_Exercise_
Produce a copy of every line in the records that holds the string "Berlin".

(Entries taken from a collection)
☆ ☆ ☆ ☆

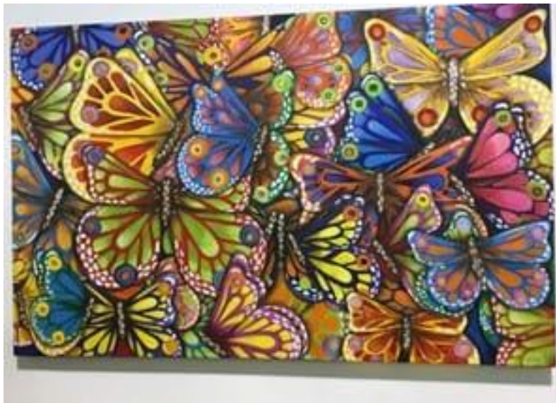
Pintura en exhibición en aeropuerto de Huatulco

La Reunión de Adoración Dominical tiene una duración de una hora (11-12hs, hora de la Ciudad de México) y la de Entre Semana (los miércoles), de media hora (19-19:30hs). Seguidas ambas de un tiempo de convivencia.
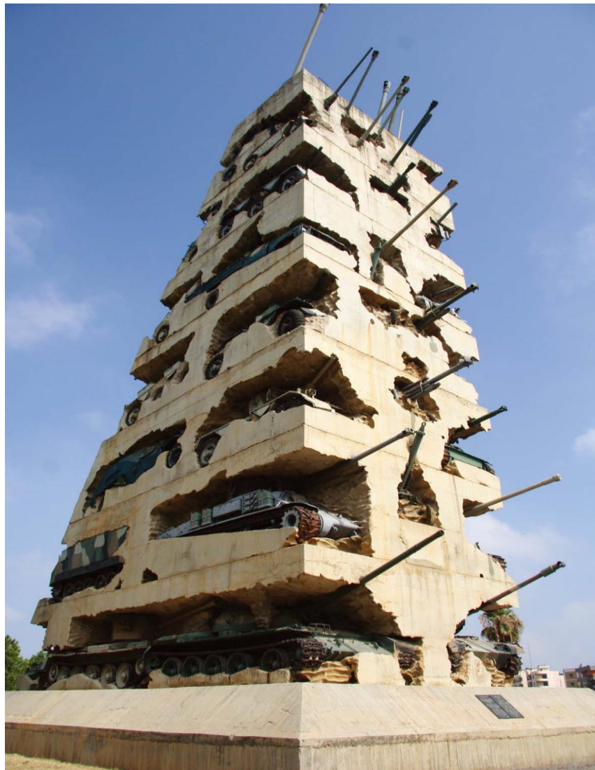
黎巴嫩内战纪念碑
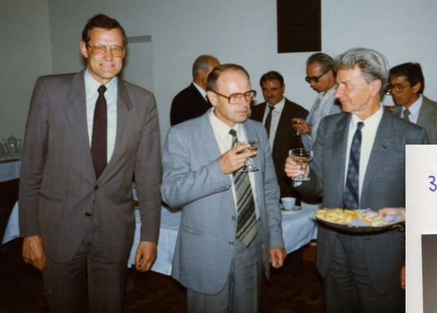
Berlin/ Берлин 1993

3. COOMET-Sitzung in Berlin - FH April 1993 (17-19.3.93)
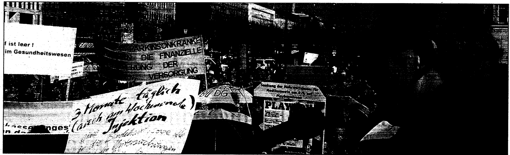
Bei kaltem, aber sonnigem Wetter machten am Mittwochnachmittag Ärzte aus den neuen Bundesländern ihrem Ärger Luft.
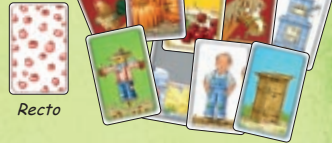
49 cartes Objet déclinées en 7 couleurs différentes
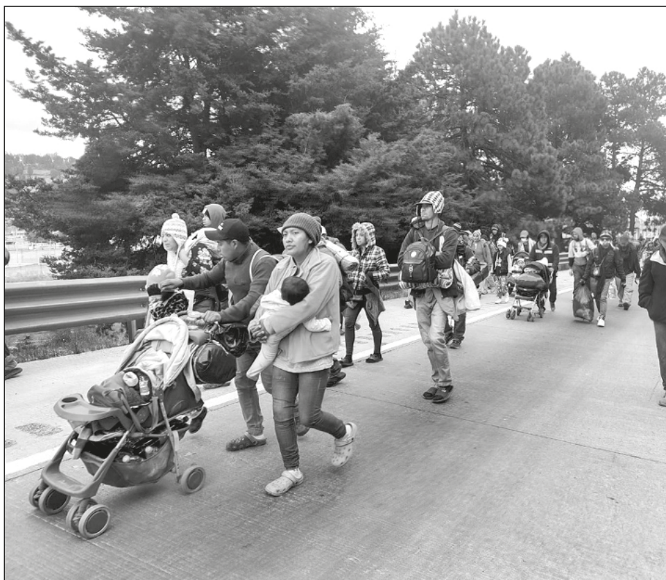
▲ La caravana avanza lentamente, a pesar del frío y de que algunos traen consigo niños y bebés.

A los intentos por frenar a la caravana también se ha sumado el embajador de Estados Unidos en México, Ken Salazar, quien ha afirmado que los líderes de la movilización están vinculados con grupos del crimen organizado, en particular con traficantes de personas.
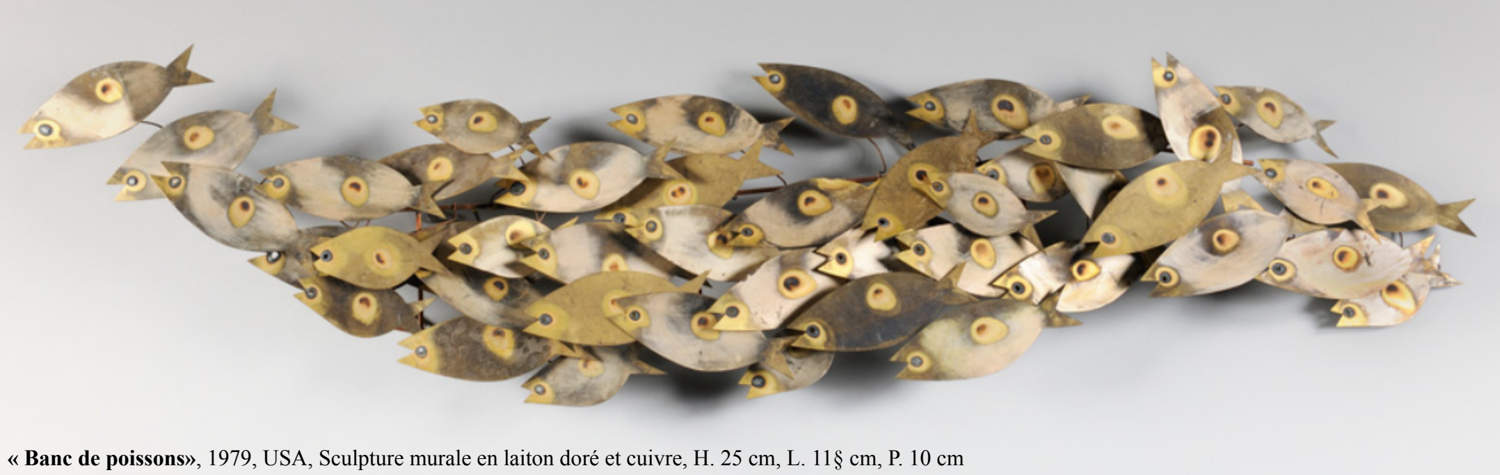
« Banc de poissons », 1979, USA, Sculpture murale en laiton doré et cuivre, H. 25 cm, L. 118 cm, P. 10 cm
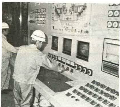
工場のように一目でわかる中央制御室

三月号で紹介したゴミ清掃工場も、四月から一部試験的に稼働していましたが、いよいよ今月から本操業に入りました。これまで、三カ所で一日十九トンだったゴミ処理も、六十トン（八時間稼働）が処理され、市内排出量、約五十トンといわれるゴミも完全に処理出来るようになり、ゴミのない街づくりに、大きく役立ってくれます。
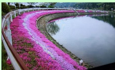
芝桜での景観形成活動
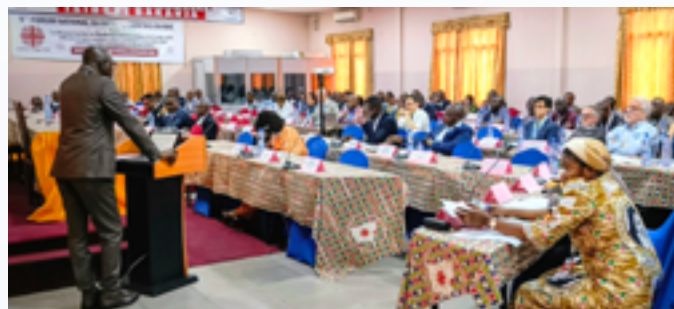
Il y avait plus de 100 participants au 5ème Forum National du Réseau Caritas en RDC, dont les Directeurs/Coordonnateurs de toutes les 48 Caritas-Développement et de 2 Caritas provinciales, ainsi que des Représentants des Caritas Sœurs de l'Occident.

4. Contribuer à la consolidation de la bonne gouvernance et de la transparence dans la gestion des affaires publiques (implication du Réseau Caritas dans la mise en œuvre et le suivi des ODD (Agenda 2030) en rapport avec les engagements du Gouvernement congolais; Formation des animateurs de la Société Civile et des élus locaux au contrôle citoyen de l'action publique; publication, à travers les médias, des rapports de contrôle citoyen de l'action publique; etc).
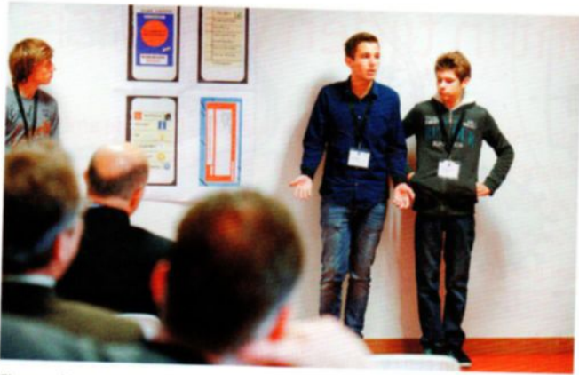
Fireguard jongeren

☆ ☆ ☆ ☆

_Problem solution_
Berlin/ Берлин 1993
3. COOMET-Sitzung in Berlin - FH April 1993 (17-19.3.93)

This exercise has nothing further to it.